:: SUPPLIED DATA ::

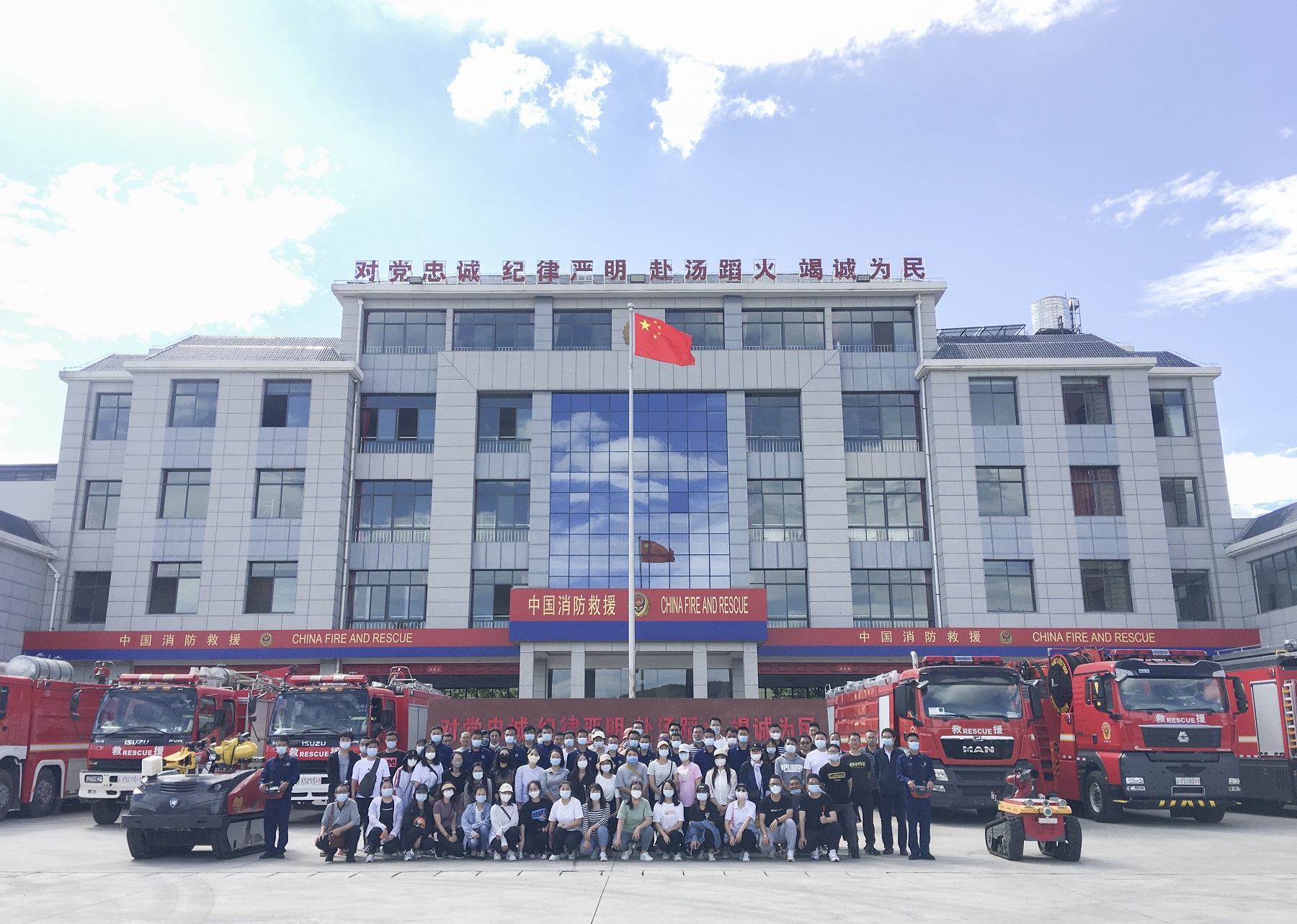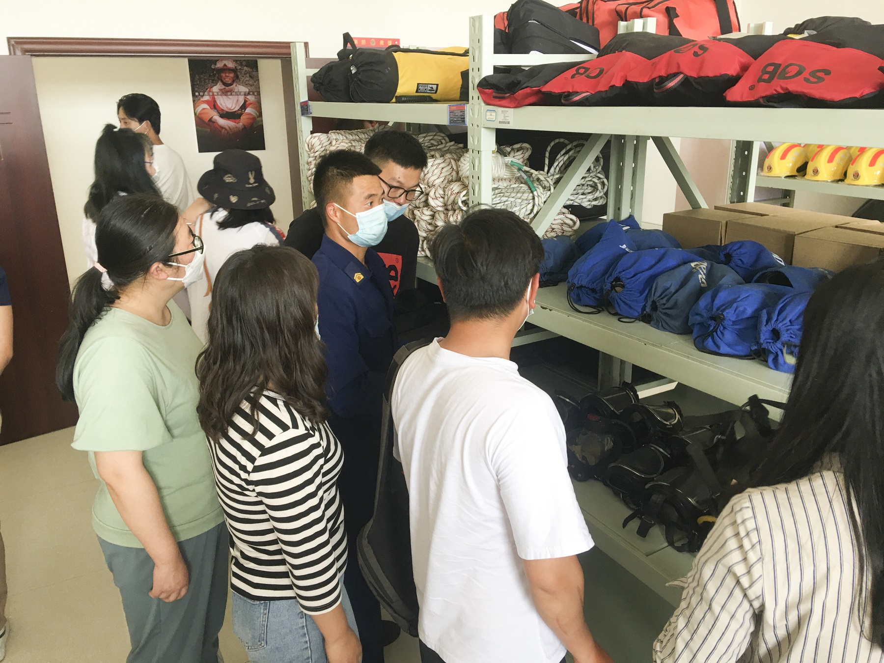 此次活动中,第一环节,由石江中队消防队员带领培训队伍参观石江中队的生活设施、消防器材、消防设施、消防队环境等。与消防队员面对面交流,深入了解消防队的工作情况。
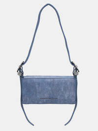 BENEDETTA BRUZZICHES blue handbag, handmade, Nappa leather construction, trompe l'oeil denim pattern, adjustable shoulder strap, rhinestone-encrusted buckles, magnetic flap closure, back branded logo, lined. Made in Italy Outer: 100% Nappa Leather Inner: 100% Silk Satin One Size
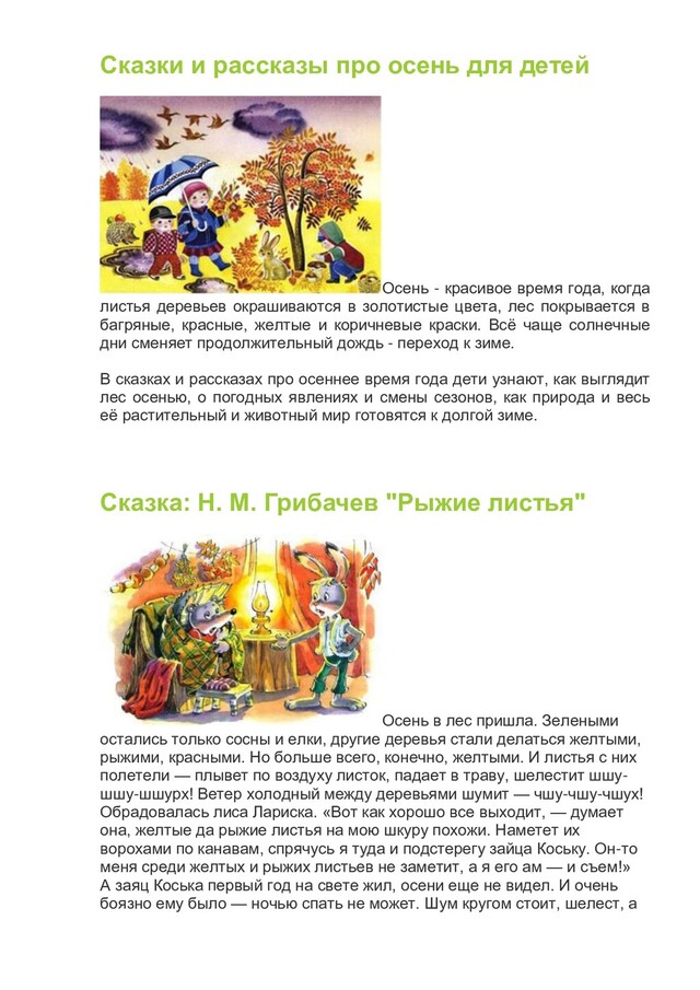 в темноту, глаза лапами продирает, а все ничего не видать. Утром встал, холодной водой глаза промыл. «Пойду-ка я, — решил он, похожу поброжу, с ежом Кирюхой поговорю. Он четвертый год на свете живет, может, расскажет что-нибудь». Пришел он к дому ежа, в дверь постучал — никто не отвечает, в окно постучал — тоже никто не отвечает. «Может, заболел еж Кирюха? — подумал заяц Коська. — Может, ему „скорая помощь― нужна? Придется без приглашения заходить». Зашел в сени — нет никого. Зашел на кухню — нет никого. Отыскался еж Кирюха в самой дальней комнате, где и окон нету. — Что это у тебя, еж Кирюха, так темно и сыро? — удивился заяц Коська. Может, заболел ты? — О-оах! — зевнул еж Кирюха. — Ничего я не заболел, а просто спать хочу. — Так ведь спать ночью надо, а сейчас утро! — Ничего ты не понимаешь, — сказал еж Кирюха и опять зевнул. — Осень вон пришла, за ней зима со снегом и морозом. А мы, ежи, всю зиму спим. Ни есть нам, ни пить не надо, спим — и все. Так что ты иди по своим делам, а я устраиваться буду. Весной приходи, может, чего расскажешь. «Ну, и ленивый этот еж Кирюха, — подумал заяц Коська. — Это ж надо — всю зиму спать! Бока, наверное, болеть будут. Пойду к медведю Потапу, может, он чего посоветует». Медведь Потап около берлоги лежал. Голова на лапах, глаза закрыты. Поздоровался с ним заяц Коська раз — не слышит медведь; поздоровался второй опять не слышит. Тогда чуть не в ухо крикнул: — Здравствуй, медведь Потап! Открыл медведь один глаз наполовину, спросил сонным голосом: — Это кто тут шумит? — Да я это, заяц Коська! — А чего тебе надо? Я спать хочу. — Так ведь спят ночью, а сейчас утро! — Ничего ты не понимаешь, — добродушно проворчал медведь Потап, удивляясь, что заяц не знает таких простых вещей. — Мы, медведи, как зима наступает, все время спим. Я мороза и снега не люблю, у меня лапы мерзнут. — Ох, помрешь ты от голода, медведь Потап! — Не помру, я под шубой знаешь сколько жира запас? До теплых дней хватит. Ты ко мне весной приходи, новости расскажешь. А сейчас ступай, только вон в углу лыжи стоят — себе их возьми. В прошлом году я их Мишутке сделал, да теперь он вырос, малы они ему. — Да зачем мне лыжи? — удивился заяц Коська. — Я на них и ходить не умею. — Ты бери, бери, зима придет — научишься. Ни лиса, ни волк тебя не догонят. А ко мне весной забегай, поговорим-умм! И опять закрыл медведь глаза, дремать стал. А заяц Коська хоть и не

:: INSTRUCTIONS TO FOLLOW ::
Pictures excluded, copy the lines exactly from where the material starts to the line with "BENEDETTA BRUZZICHES blue", inclusive.

:: PROBLEM SOLUTION ::
 此次活动中,第一环节,由石江中队消防队员带领培训队伍参观石江中队的生活设施、消防器材、消防设施、消防队环境等。与消防队员面对面交流,深入了解消防队的工作情况。
 BENEDETTA BRUZZICHES blue handbag, handmade, Nappa leather construction, trompe l'oeil denim pattern, adjustable shoulder strap, rhinestone-encrusted buckles, magnetic flap closure, back branded logo, lined. Made in Italy Outer: 100% Nappa Leather Inner: 100% Silk Satin One Size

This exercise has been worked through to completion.